Exercise aim: Omit the pictures. Transcribe exactly the lines below, from the one with "Как сообщила Национальная" up to and including the last.

Available data:

--

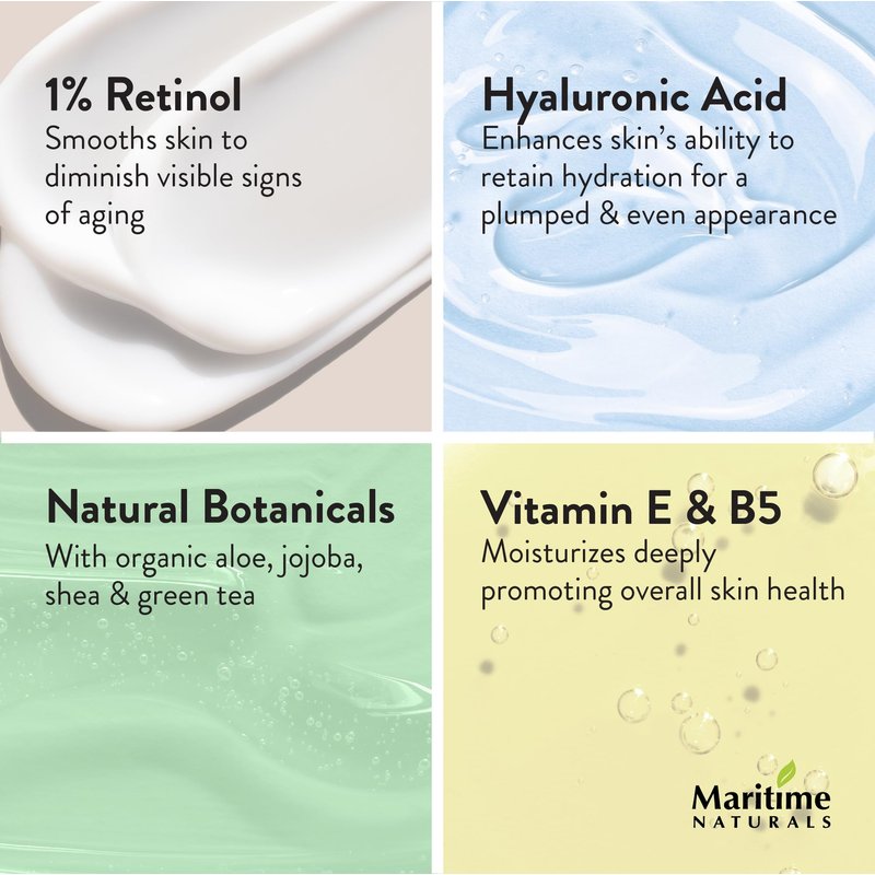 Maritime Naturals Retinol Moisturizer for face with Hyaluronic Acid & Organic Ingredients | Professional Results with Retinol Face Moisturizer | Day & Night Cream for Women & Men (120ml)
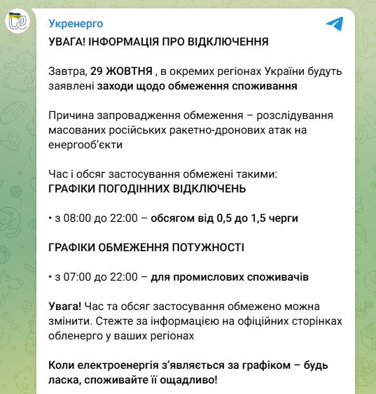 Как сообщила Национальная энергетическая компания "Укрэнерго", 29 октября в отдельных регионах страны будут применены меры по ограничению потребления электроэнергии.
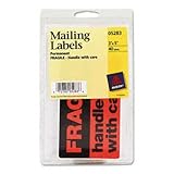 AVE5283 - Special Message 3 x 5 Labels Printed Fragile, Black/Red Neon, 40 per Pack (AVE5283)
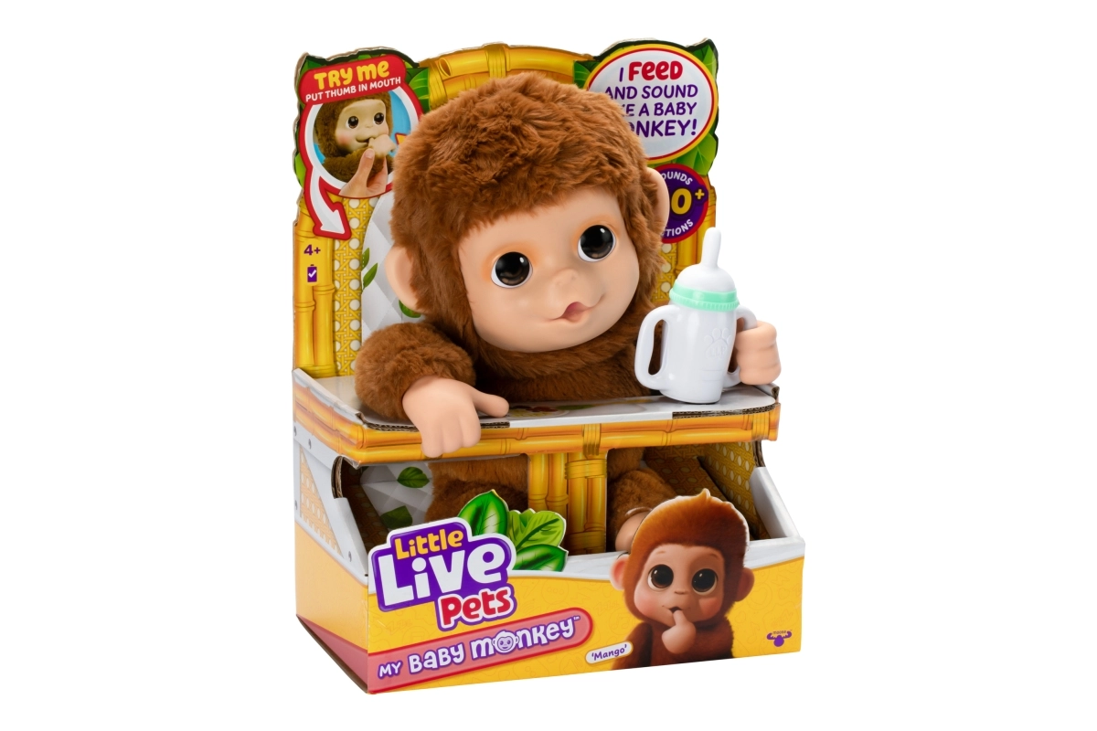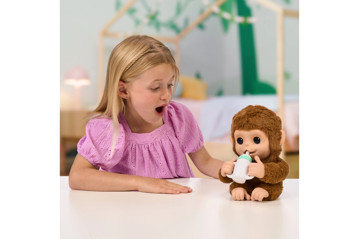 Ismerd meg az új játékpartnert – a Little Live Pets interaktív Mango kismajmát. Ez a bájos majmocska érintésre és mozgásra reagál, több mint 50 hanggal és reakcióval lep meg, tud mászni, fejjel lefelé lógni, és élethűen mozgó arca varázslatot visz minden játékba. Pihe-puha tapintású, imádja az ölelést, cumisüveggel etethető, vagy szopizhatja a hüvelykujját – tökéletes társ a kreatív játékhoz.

--

Response to the task:
 Как сообщила Национальная энергетическая компания "Укрэнерго", 29 октября в отдельных регионах страны будут применены меры по ограничению потребления электроэнергии.
 AVE5283 - Special Message 3 x 5 Labels Printed Fragile, Black/Red Neon, 40 per Pack (AVE5283)
 Ismerd meg az új játékpartnert – a Little Live Pets interaktív Mango kismajmát. Ez a bájos majmocska érintésre és mozgásra reagál, több mint 50 hanggal és reakcióval lep meg, tud mászni, fejjel lefelé lógni, és élethűen mozgó arca varázslatot visz minden játékba. Pihe-puha tapintású, imádja az ölelést, cumisüveggel etethető, vagy szopizhatja a hüvelykujját – tökéletes társ a kreatív játékhoz.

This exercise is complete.